Салман и бровью не повел, будто не понял намека, сухо сказал:
- Это еще не факты, а домыслы. Если у тебя нет фактов, бери шапку в охапку и беги домой. Буду рад, если еще раз наскочишь на волка и он выпустит из тебя кишки!
"Что за подлая душа!" - ужаснулся Ярмамед и, запинаясь, пересказал весь разговор с Ширзадом. Он назвал себя скудоумным младенцем, бил себя кулаком в грудь, каялся в таких грехах, какие и не значились на его совести.
Салман вытаращил глаза:
- Значит, ты говорил против Рустама-киши? Герой, нечего сказать... А еще съел волчье сердце!

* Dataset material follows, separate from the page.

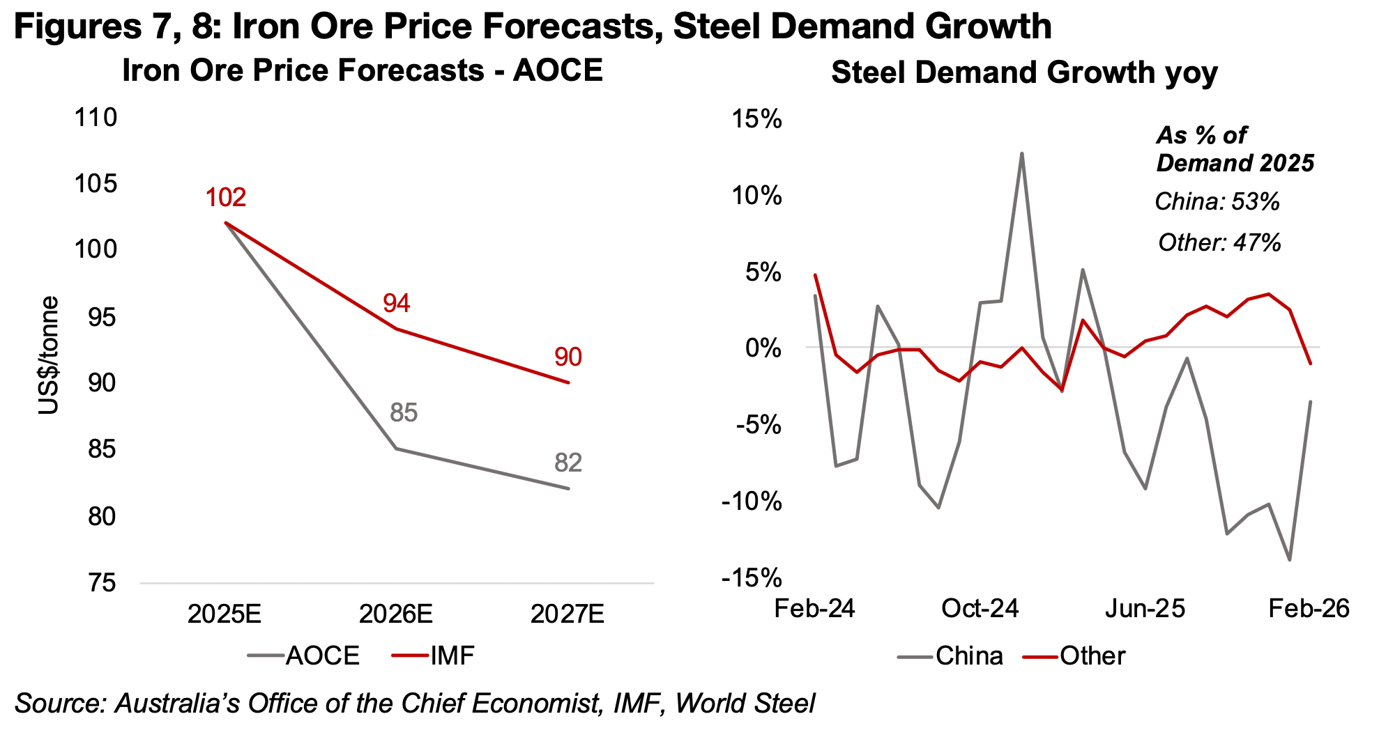 図7、8:鉄鉱石価格の予測、鉄鋼需要の伸び

Да ведь Рустам в гневе страшнее разъяренного верблюда!
Ярмамед упал на колени и поднял руки, словно свершал намаз.
- Братец, мы с тобой, как ноготь и палец! Ты - палец: куда ни повернешь, туда и я смотреть буду. А если ноготь сорвать, то пальцу тоже будет ой-ой как больно. С мясом ведь ногти-то вырывают!... Не губи! Ради тебя на пытки пойду!
В эту минуту появилась Назназ. При виде коленопреклоненного гостя она чуть не выронила из рук поднос с двумя стаканами чая.
- Да что с ним?!
- Перепил. Коньячок у тебя больно крепкий, вот ноги и не держат, пошутил Салман и, приподняв Ярмамеда за шиворот, толкнул его к столу. Садись, что-нибудь придумаем.
9
Сова гнездится в развалинах, летучая мышь лишь ночью отваживается летать.
Две недели Салман, встречая Рустама и Ширзада, ласково улыбался и тому и другому, но не обмолвился ни одним лишним словом.
Лишь узнав от Ярмамеда, что председатель опять повздорил с парторгом, Салман решил: настал его час!
- Никогда не думал, что Ширзад окажется таким неблагодарным, - сказал он тихо Рустаму. - Пока отца не реабилитировали, так он прикидывался ягненком, а сейчас выпустил когти. Старики говорят, что и отец его был заносчивым.
Они сидели в правлении, двери кабинета были плотно прикрыты, да и в соседних комнатах уже никого не было, кроме Ярмамеда.
- Вздор мелешь! - буркнул, хмурясь, Рустам. - Касум Кенгерли был благороднейшим человеком. Это он всех нас вывел на светлый путь. Каким бы ни был сын, а хаять Кенгерли не позволю.
Открыв ящик письменного стола, председатель вынул какую-то бумагу и, затянувшись так, что табак затрещал в трубке, будто сухие щепки в очаге, погрузился в чтение.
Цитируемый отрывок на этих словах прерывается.